(Beginning of Dataset records)

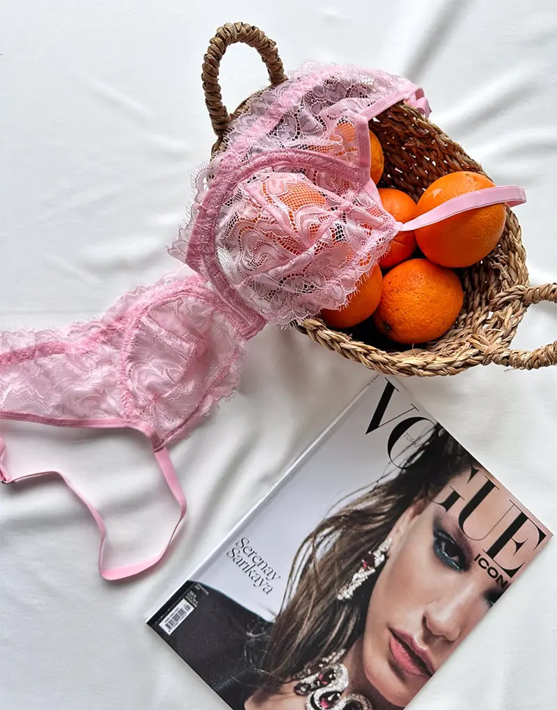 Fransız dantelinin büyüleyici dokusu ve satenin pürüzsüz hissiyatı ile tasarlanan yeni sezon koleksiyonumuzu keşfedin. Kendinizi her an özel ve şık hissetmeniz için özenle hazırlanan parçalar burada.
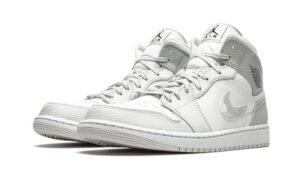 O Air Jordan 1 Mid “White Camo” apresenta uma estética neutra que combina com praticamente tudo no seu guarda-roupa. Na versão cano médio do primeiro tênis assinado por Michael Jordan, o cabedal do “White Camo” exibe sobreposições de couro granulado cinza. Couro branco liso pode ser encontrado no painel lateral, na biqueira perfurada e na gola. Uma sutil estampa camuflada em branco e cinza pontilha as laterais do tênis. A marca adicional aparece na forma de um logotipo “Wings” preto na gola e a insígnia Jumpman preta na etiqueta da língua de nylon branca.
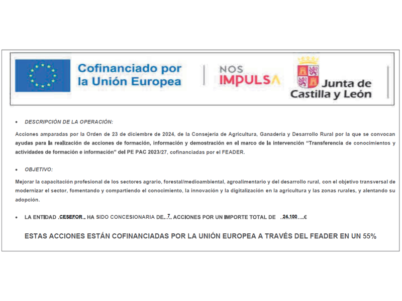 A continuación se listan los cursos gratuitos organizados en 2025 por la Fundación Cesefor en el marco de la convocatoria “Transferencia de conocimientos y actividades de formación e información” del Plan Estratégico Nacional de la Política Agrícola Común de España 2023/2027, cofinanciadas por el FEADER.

(End of Dataset records)
(Beginning of Dataset records)

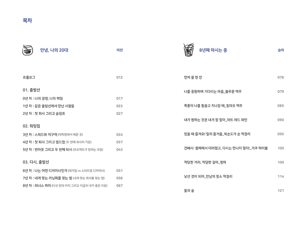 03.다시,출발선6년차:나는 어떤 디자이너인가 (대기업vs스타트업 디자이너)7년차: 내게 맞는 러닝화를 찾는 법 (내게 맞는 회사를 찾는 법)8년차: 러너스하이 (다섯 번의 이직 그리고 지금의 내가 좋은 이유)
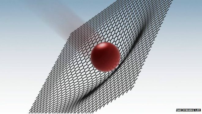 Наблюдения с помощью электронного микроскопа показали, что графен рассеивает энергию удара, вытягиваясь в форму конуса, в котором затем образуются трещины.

(End of Dataset records)

Could you write out exactly the lines of the data above that run from the one holding "Fransız dantelinin büyüleyici" to the one holding "O Air Jordan", with both ends in and all pictures out?

● **Solution**:
 Fransız dantelinin büyüleyici dokusu ve satenin pürüzsüz hissiyatı ile tasarlanan yeni sezon koleksiyonumuzu keşfedin. Kendinizi her an özel ve şık hissetmeniz için özenle hazırlanan parçalar burada.
 O Air Jordan 1 Mid “White Camo” apresenta uma estética neutra que combina com praticamente tudo no seu guarda-roupa. Na versão cano médio do primeiro tênis assinado por Michael Jordan, o cabedal do “White Camo” exibe sobreposições de couro granulado cinza. Couro branco liso pode ser encontrado no painel lateral, na biqueira perfurada e na gola. Uma sutil estampa camuflada em branco e cinza pontilha as laterais do tênis. A marca adicional aparece na forma de um logotipo “Wings” preto na gola e a insígnia Jumpman preta na etiqueta da língua de nylon branca.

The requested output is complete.